Routine safety checks on the environment and equipment were up to date and certificates were in place to demonstrate this.

People had access to equipment to meet their needs. Maintenance tasks were carried out promptly.

The registered manager conducted daily walk rounds to identify any improvements needed, however the areas for improvement that we raised were not identified.

Safe and effective staffing

Score: 2

Most people and relatives acknowledged staff to be skilled and compassionate in providing care to people. However, people told us they had to wait for support. One person told us, “It can be 15-20 minutes.” However, the management team was already aware of these ongoing concerns and continued to review people who required monitoring throughout the day.

Relatives told us staffing levels could be improved. Comments included, “I think there could be more [staff],” “There are not enough staff” and “They are less staff at a weekend.”

Staff told us there were not enough staff to provide safe and effective care. Comments included, “It’s hard, we don’t have enough staff, mornings are a struggle getting people up” and “Not enough staff to support them all [people].” Whilst another staff member said, “We have some vocal residents who want to get up in the morning and it takes time.”

Staff told they did receive group supervisions, some staff told us they would prefer supervisions on their own. We shared this feedback with the registered manager who booked individual supervisions.

Whilst we observed staff present on the ground floor and in the communal areas, staff presence was lacking on the first floor which impacted on peoples’ care.

We observed people waiting for assistance when they pressed the call bell from their own rooms. For example, during breakfast time one person was distressed, we raised this with a staff member who replied, “All the staff are serving breakfast in the lounge.”

The registered manager was already aware of some of these concerns, and they continued to monitor staff deployment for effectiveness.

We reviewed 6 recruitment files and found staff had been recruited safely. Checks had been carried out on staff before they started employment.

Staff received regular group supervisions, and the registered manager had recently implemented individual supervisions.

The provider had a process in place for managing deployment of staff across the home

Infection prevention and control

Score: 3

People told us staff wore appropriate protective personal equipment (PPE) when providing care. This was supported by the views of most relatives.

Staff confirmed they had received training regarding infection prevention and control. Staff knew the actions to take in the event of an infectious outbreak. They confirmed how they would adapt their practice. For example, frequency of cleaning and wearing full PPE.

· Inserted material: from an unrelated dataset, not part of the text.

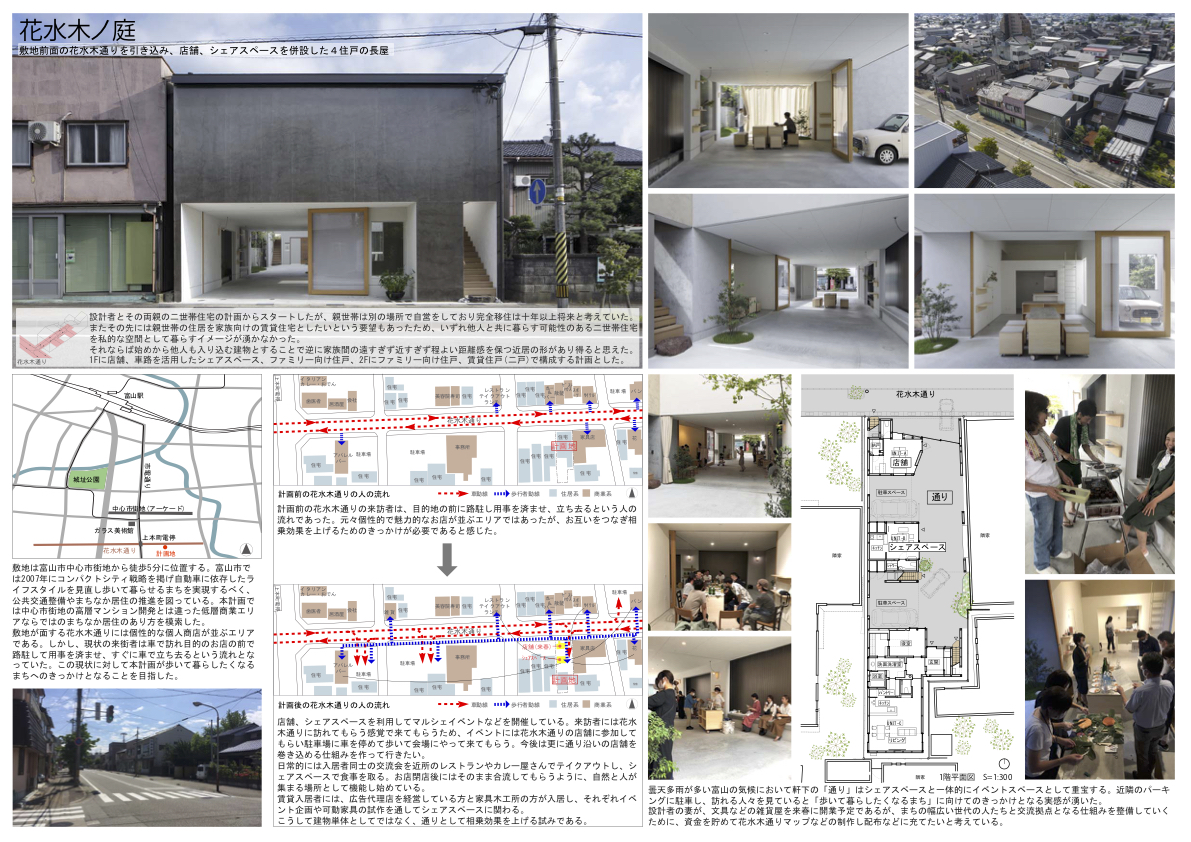 富山市中心部のやや寂しい商店街が舞台である。よく見てみると、いくつかの個性的なお店が頑張っている。設計者は、それらのお店どうしが交流できるような拠点として、集合住宅でありながら、「屋根付き広場」として機能する建築をつくりだした。広場に面して店舗、住宅、シェアスペースが配置され、さまざまな関係性をつくることができる。外階段を上れば空に開けたテラスも活用できる。奥に長い敷地の特性を活かして、しっかりとした空間骨格をもつことが評価された。

We observed the home was generally clean and tidy, however, some areas needed improvement. For example, walls had flaking paint, damaged floor in the communal area, pull cords were not wipeable. The registered manager was addressing these issues.

Staff had access to PPE.

Systems in place were not always effective in protecting people from the risk of infection. Staff received training and spot checks were undertaken by the management team on staff practice.

Medicines optimisation

Score: 3

People were appropriately supported with their medicines.

Staff told us they had completed training in medicines management and had their competency checked.

Systems were not robust in managing medication.

Staff had not followed safe practices when administering medication. We found one person was prescribed eye drops; however, staff were administering this medicine after the expiry date.

We were not assured people were receiving topical creams that were effective due to staff not recording the dates of opening.

Some instructions were not always clear. For example, when one medication had changed from prescribed to an ‘as required’ medicine, the label did not match the medication administration record.

We raised these issues with the registered manager who took immediate action to address feedback received.